Oct 26th 2013, the Economist.com
IT WILL not be long
till Congress and the White House start squabbling again about the budget in
Washington, DC. But before they create another artificial debt crisis, Barack
Obama and his Republican opponents ought to pay some attention to a real one
1,500 miles to their south-east.
Like Greece, Puerto Rico is a chronically
uncompetitive place locked in a currency union with a richer, more productive
neighbour. The island’s economy is also dominated by a vast, inefficient
near-Athenian public sector. And, as with Greece, there are fears that a
chaotic default could precipitate a far bigger crisis by driving away
investors, and pushing up borrowing costs in America’s near-$4-trillion market
for state and local bonds. Yet the Hellenic comparison is also helpful: it
should show the Americans what not to do.

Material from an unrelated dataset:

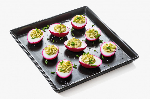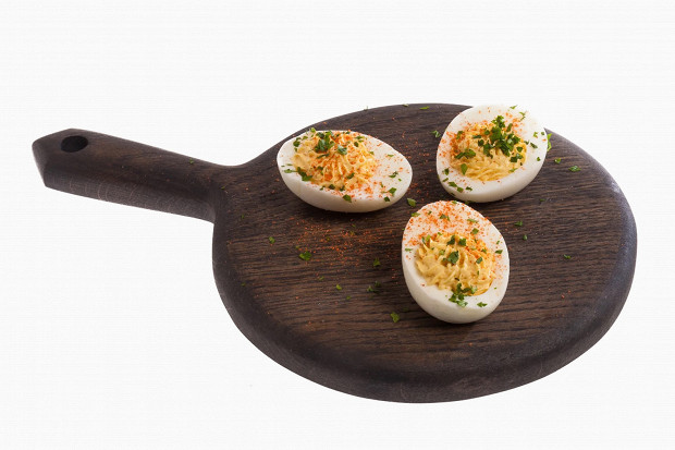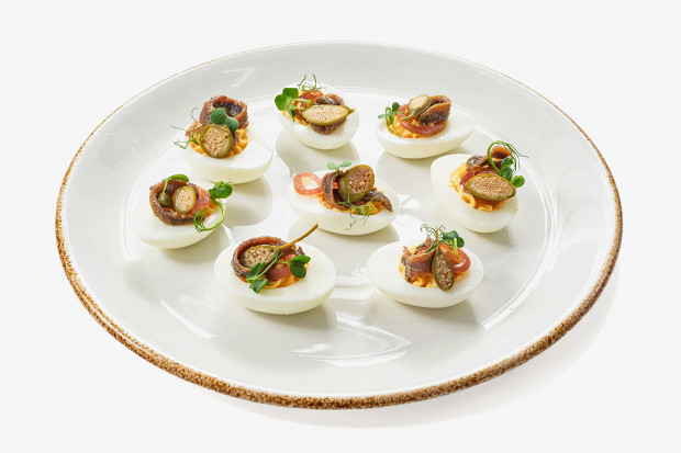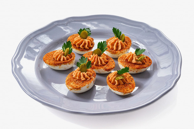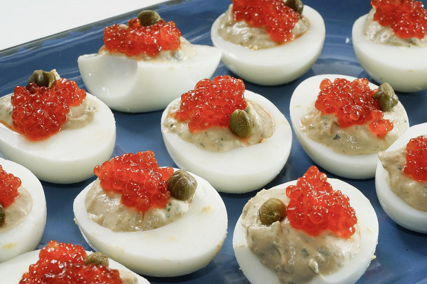 Изящная французская закуска, где к начинке из желтка и майонеза добавляется капля ядреного и одновременно нежного трюфельного масла. Одна из самых праздничных закусок в этой подборке.
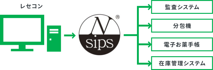 ※NSIPSとは、日本薬剤師会が提案する薬局向けコンピュータシステム間の連携システムです。

For decades Puerto Rico has been sustained by federal subsidies. Its people, far poorer than the American average, get lots of transfers, from pensions to food stamps. Until 2006 the economy was buoyed by tax incentives for American firms that manufactured there. As drug companies took advantage, the territory became a vast medicinal maquiladora.
This tax break disappeared in 2006, and
Puerto Rico’s economy has shrunk virtually every year since. It has been able
to keep on borrowing, thanks to another subsidy: interest on Puerto Rican debt
is exempt from state, local and federal taxes in America, making it
artificially attractive to investors.
Some
Puerto Rican bonds that are just dying’ to meet you
No growth and heavy debt are a toxic combination. In 2010 Puerto Rico’s
previous governor tried-and failed-to boost the economy with tax cuts. The
current one, Alejandro Padilla, has raised taxes sharply, and hopes for a
balanced budget in 2016 (see article). Puerto Rican officials insist their
country is solvent. And with some heroic assumptions about future growth and
rising tax revenue, you can get the numbers to add up.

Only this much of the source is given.